Wednesday, September 17, 2008

From Monogamous Mice to Androgynous Anchovies

Many scientists are reporting that Genes may be even more influential to how humans behave than was previously thought to be the case. I can kind of see what they mean. Gene Rayburn hosted my favorite game show, Match Game. Gene Kelly was one of the best dancers ever. Gene Simmons has one of the longest tongues ever. Gene Moore is considered the top window dresser of the 20th century. (I did not make that up. I found it on Wikipedia.) But I fail to see how these giants in their fields influence all of human behavior.
What’s that? Oh, I feel somewhat embarrassed. It is not “Genes” its genes. Genes are those tiny little doohickeys hanging out within our DNA which lay out the blueprint for the building of people. Back in the 1800’s a scientist guy named Gregor Mendel studied inheritance in pea plants and hypothesized about how traits are passed from parent to offspring. Most the time this concept was simply applied to what color a kid’s eyes would be due to the eye color of the parents. Do you remember doing those Punnet Squares in tenth grade biology? I hated those things.
It seems the more we learn about genes and how humans are hard-wired the more it becomes clear we really don’t know how much influence they have over many more nuanced aspects of who we are. A recent study done by a group of Swedish scientists discusses how a certain gene in men can lead to having better marriages.
This relationship enhancing gene is in charge of modulating the hormone vasopressin. The word “vasopressin” is from an archaic East Indian language and translates to “one who admits he is wrong even when he is not”. Okay, I made that up. It really means “one who considers having power over the remote control a god given right”. I made that up, too.
The thing is all this stuff I’m making up is not all that strange compared to the real story. The scientists first became tuned into this gene and the attendant hormone while studying voles. Voles? I had to run to Wikipedia yet again.
Voles are rodents. Great, when deciding what to study in order to get an insight into how men do well or not in a long-term relationship scientists look to rodents. I’m offended. I mean voles are not even tough rodents. Why couldn’t it have been capybaras? They are rodents with attitude, weighing in at over 170 pounds. But, no. They had to go and compare us to male voles. Animals that have a list of predators longer than the list of people who want to slap Britney Spears. They do not even grow bigger than seven inches long, and here’s the kicker, the female is larger than the male. That might explain why a vole is monogamous. She can kick his short hairy tail.
Here is a direct quote from the article as it appeared on the Yahoo News webpage. “They (the researchers) found that men with a certain variant, known as an allele, of the vasopressin 1a gene, called 334, tended to score especially low on a standard psychological test called the Partner Bonding Scale. They were also less likely to be married than men carrying another form of the gene. And carrying two copies of the 334 allele doubled the odds that the men had undergone some sort of marital crisis over the past year.”

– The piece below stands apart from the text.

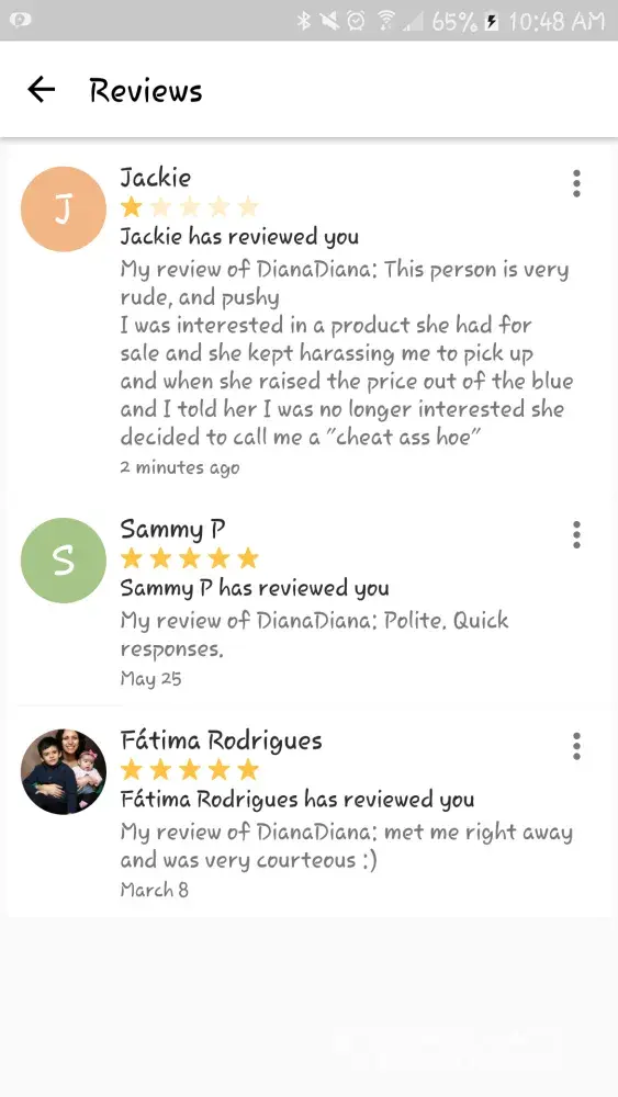 I would like LetGo team to please remove these two reviews... it's hurting my account...

Well. I have only one thing to say to that. Huh?
The very next day after I read about rodents being a “vole” model for men committed to their relationship I read another scientific report. This report talked about how all those chemicals man keeps pumping into the environment have effects on genes. Pair that with what I just learned about the importance of genes in regards to how people function and this news is as frightening as one of those John Stossel reports on 20/20.
The scientific genius guy reporting in this article said the chemicals leaking out into the water supply are likely the reason why many fish species are mutating. How are they mutating? They are developing both male and female sex organs. That’s quite a mutation.
If this phenomenon expands to humans there is a bright side. Men with the 334 allele will have a better chance of maintaining a long term relationship if it is with himself.